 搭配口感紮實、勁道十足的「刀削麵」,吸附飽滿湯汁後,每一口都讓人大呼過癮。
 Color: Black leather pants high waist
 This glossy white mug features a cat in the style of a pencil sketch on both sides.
--- --- ---
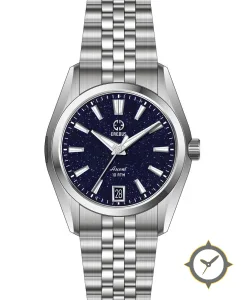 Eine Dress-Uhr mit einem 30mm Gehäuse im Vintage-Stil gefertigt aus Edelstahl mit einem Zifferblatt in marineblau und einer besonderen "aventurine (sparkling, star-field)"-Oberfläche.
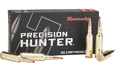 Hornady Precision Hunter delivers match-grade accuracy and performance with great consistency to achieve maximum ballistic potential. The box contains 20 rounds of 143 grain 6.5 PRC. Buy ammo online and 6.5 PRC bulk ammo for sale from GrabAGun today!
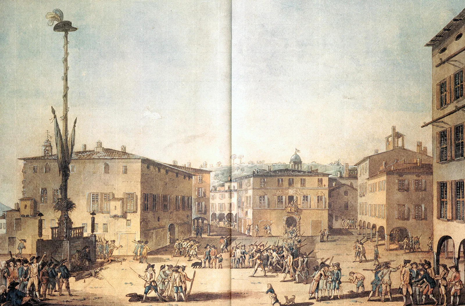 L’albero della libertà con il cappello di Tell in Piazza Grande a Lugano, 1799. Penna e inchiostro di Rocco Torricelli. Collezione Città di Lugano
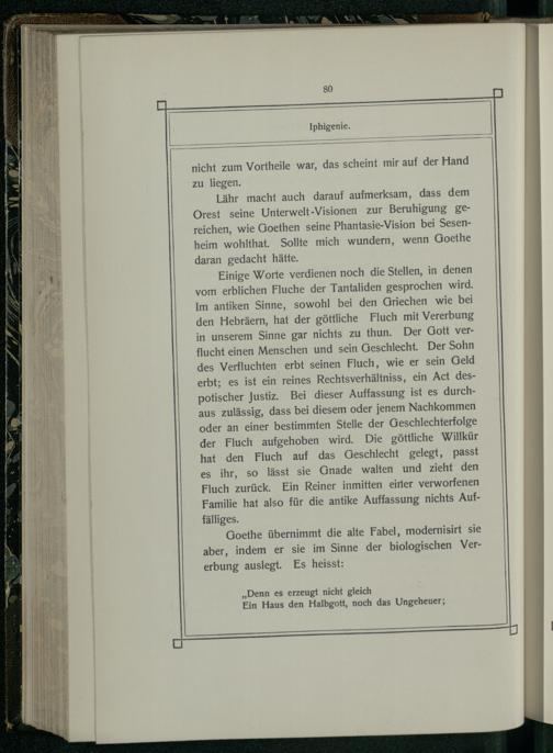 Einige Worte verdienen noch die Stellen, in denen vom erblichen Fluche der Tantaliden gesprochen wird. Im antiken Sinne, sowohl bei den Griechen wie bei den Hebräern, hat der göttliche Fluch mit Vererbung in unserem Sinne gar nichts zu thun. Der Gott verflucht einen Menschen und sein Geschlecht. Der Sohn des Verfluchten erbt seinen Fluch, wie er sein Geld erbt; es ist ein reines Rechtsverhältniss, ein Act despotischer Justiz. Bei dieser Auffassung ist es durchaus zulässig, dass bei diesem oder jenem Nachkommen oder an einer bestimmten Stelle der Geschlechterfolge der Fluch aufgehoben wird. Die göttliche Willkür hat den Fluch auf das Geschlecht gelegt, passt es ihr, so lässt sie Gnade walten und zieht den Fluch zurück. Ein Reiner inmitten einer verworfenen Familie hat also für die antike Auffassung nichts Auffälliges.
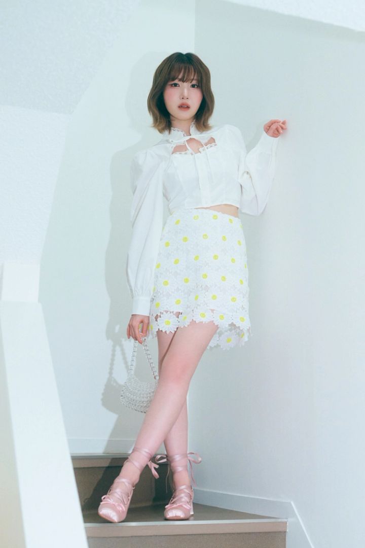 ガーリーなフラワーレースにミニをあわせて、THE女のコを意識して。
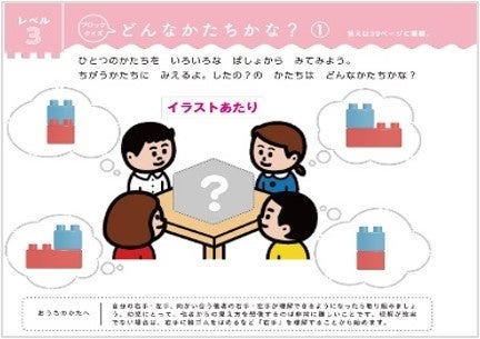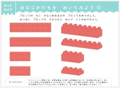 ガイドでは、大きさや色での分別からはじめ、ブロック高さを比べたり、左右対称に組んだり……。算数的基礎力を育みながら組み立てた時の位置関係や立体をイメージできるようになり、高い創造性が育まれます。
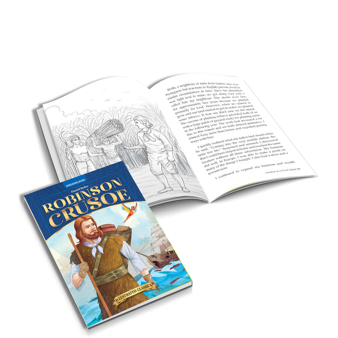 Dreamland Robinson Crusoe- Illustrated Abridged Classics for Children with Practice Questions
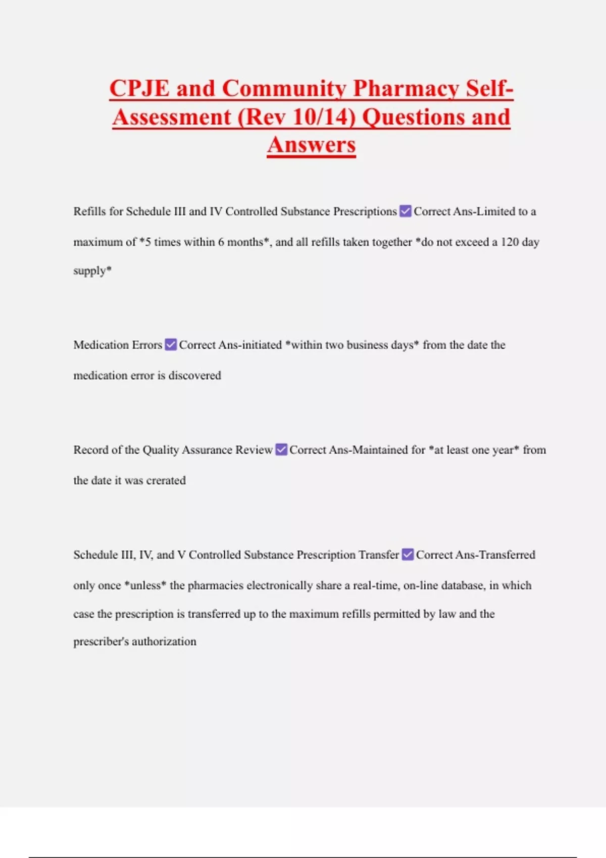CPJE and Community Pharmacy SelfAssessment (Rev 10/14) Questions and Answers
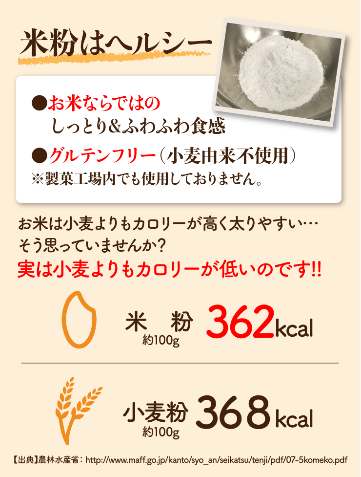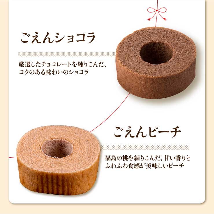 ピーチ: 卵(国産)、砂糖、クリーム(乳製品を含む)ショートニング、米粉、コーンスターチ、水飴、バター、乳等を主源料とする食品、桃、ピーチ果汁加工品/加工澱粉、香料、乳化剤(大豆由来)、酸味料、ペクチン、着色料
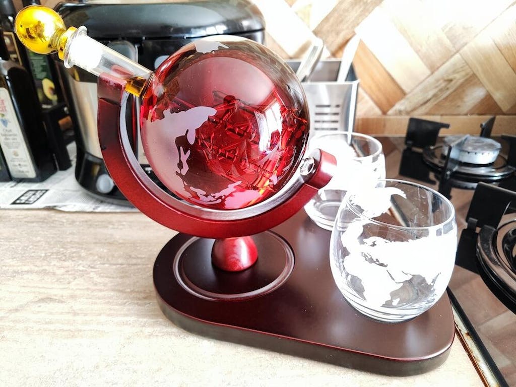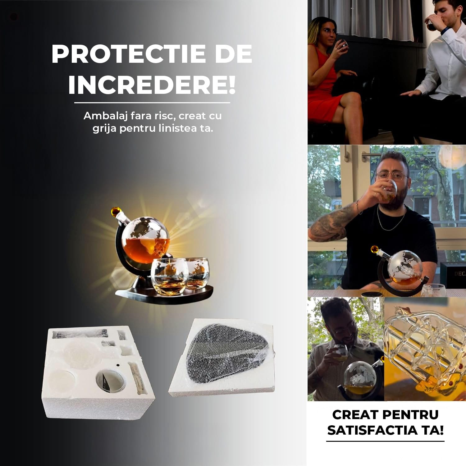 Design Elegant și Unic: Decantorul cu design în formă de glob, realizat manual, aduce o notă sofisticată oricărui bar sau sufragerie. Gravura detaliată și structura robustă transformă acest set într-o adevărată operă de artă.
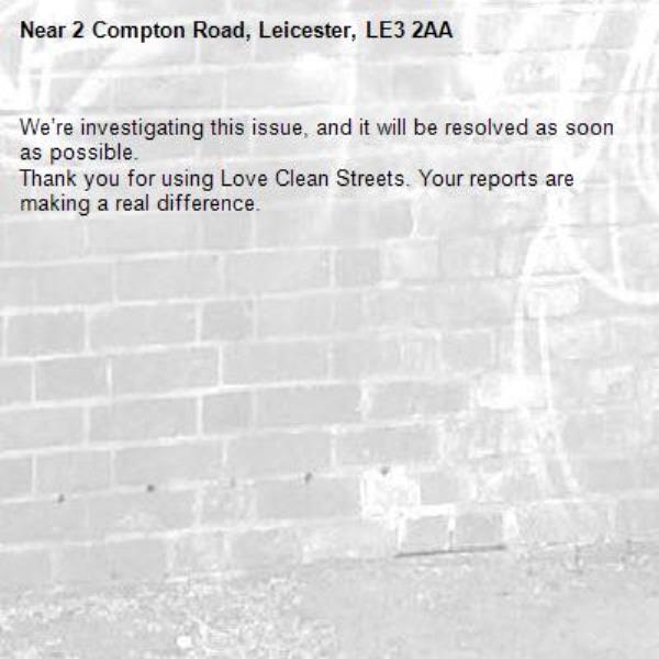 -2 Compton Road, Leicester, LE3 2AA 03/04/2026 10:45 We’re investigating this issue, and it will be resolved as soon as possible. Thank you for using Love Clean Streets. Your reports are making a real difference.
--- --- ---
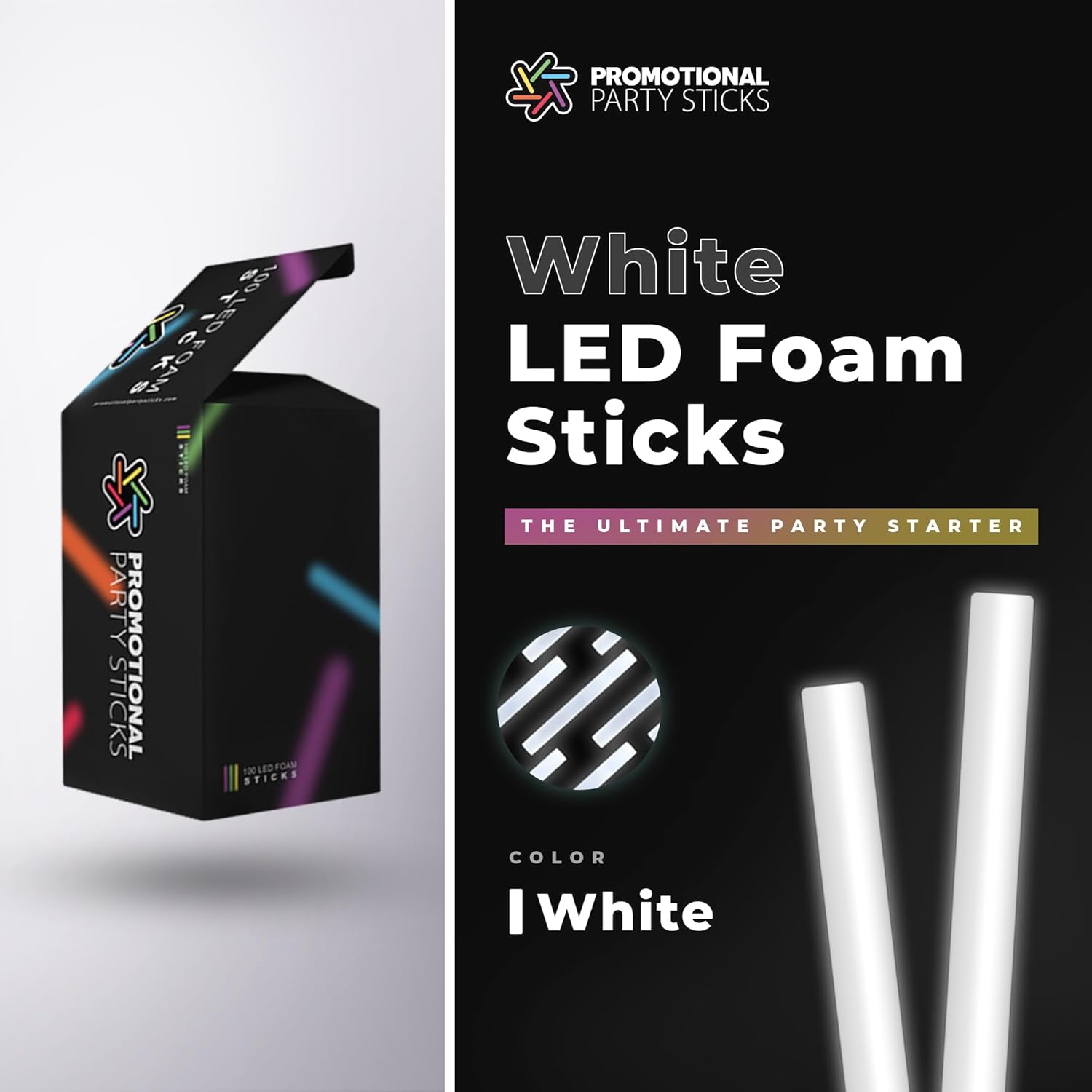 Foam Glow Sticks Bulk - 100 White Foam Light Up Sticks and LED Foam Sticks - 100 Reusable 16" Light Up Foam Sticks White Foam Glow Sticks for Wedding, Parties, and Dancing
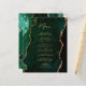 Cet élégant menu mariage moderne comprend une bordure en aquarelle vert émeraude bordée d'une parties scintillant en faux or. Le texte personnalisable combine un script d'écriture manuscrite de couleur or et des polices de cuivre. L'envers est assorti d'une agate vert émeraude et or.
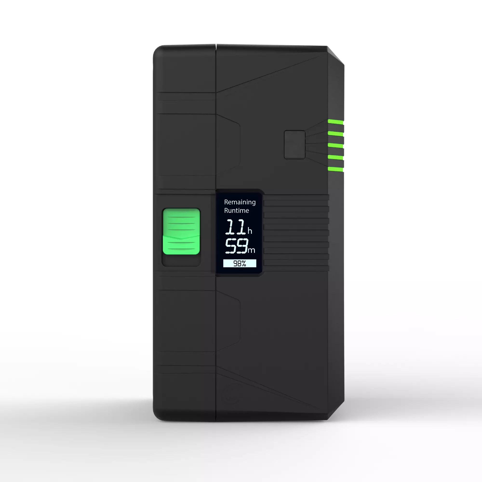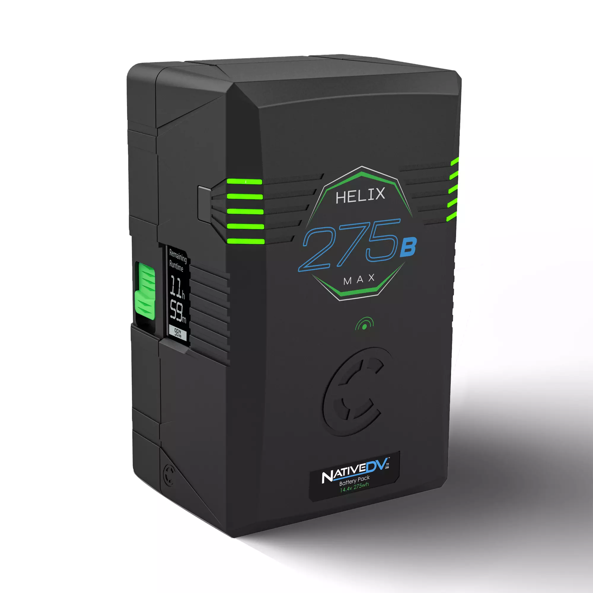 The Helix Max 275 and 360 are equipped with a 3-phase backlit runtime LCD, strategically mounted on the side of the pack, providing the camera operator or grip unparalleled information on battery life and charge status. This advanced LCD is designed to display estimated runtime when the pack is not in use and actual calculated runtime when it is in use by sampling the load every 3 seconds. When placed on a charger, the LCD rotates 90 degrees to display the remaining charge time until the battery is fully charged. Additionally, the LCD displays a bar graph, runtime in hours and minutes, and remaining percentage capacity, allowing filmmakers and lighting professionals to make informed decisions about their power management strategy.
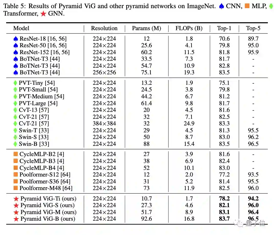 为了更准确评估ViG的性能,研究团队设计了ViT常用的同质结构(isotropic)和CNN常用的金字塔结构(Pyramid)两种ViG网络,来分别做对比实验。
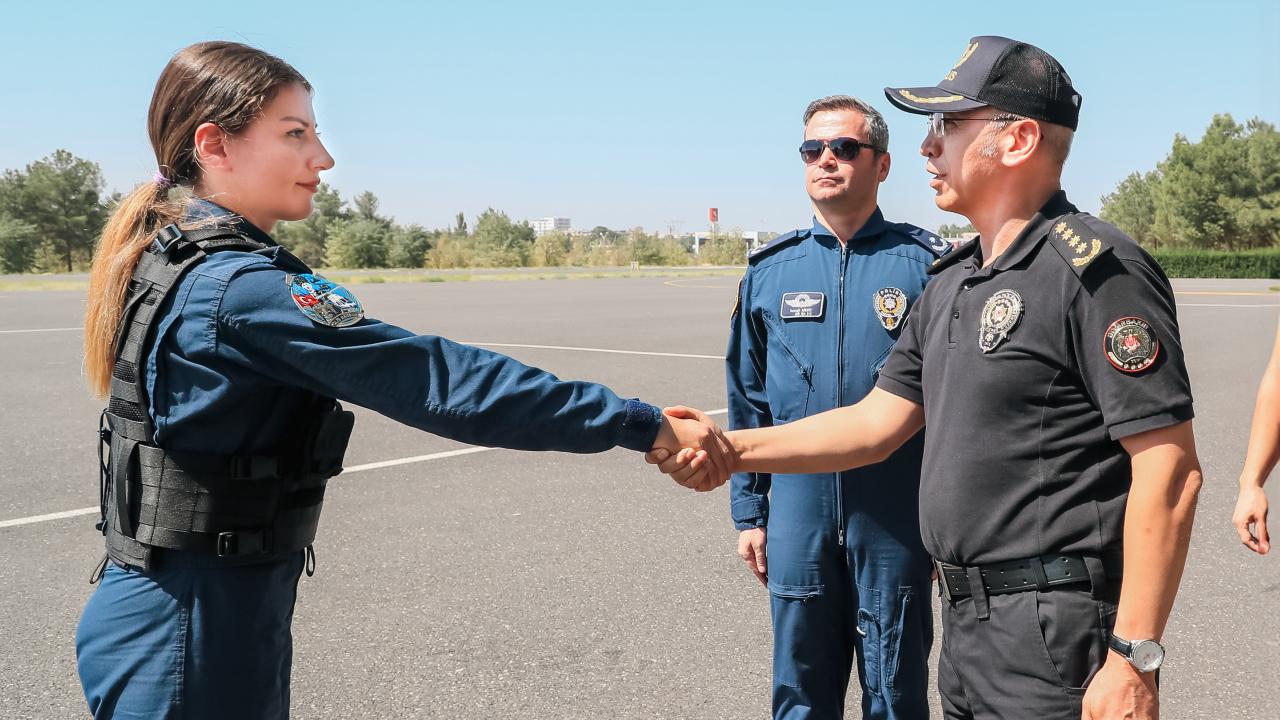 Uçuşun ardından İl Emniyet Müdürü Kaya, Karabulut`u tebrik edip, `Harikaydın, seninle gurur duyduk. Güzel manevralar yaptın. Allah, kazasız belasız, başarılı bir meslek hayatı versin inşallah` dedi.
--- --- ---
Exercise details
The reply should hold exactly the lines above, starting at the line with "Dreamland Robinson Crusoe- Illustrated" and ending at the line with "-2 Compton Road, Leicester, LE3", and no pictures.

Answer below
 Dreamland Robinson Crusoe- Illustrated Abridged Classics for Children with Practice Questions
CPJE and Community Pharmacy SelfAssessment (Rev 10/14) Questions and Answers
 ピーチ: 卵(国産)、砂糖、クリーム(乳製品を含む)ショートニング、米粉、コーンスターチ、水飴、バター、乳等を主源料とする食品、桃、ピーチ果汁加工品/加工澱粉、香料、乳化剤(大豆由来)、酸味料、ペクチン、着色料
 Design Elegant și Unic: Decantorul cu design în formă de glob, realizat manual, aduce o notă sofisticată oricărui bar sau sufragerie. Gravura detaliată și structura robustă transformă acest set într-o adevărată operă de artă.
 -2 Compton Road, Leicester, LE3 2AA 03/04/2026 10:45 We’re investigating this issue, and it will be resolved as soon as possible. Thank you for using Love Clean Streets. Your reports are making a real difference.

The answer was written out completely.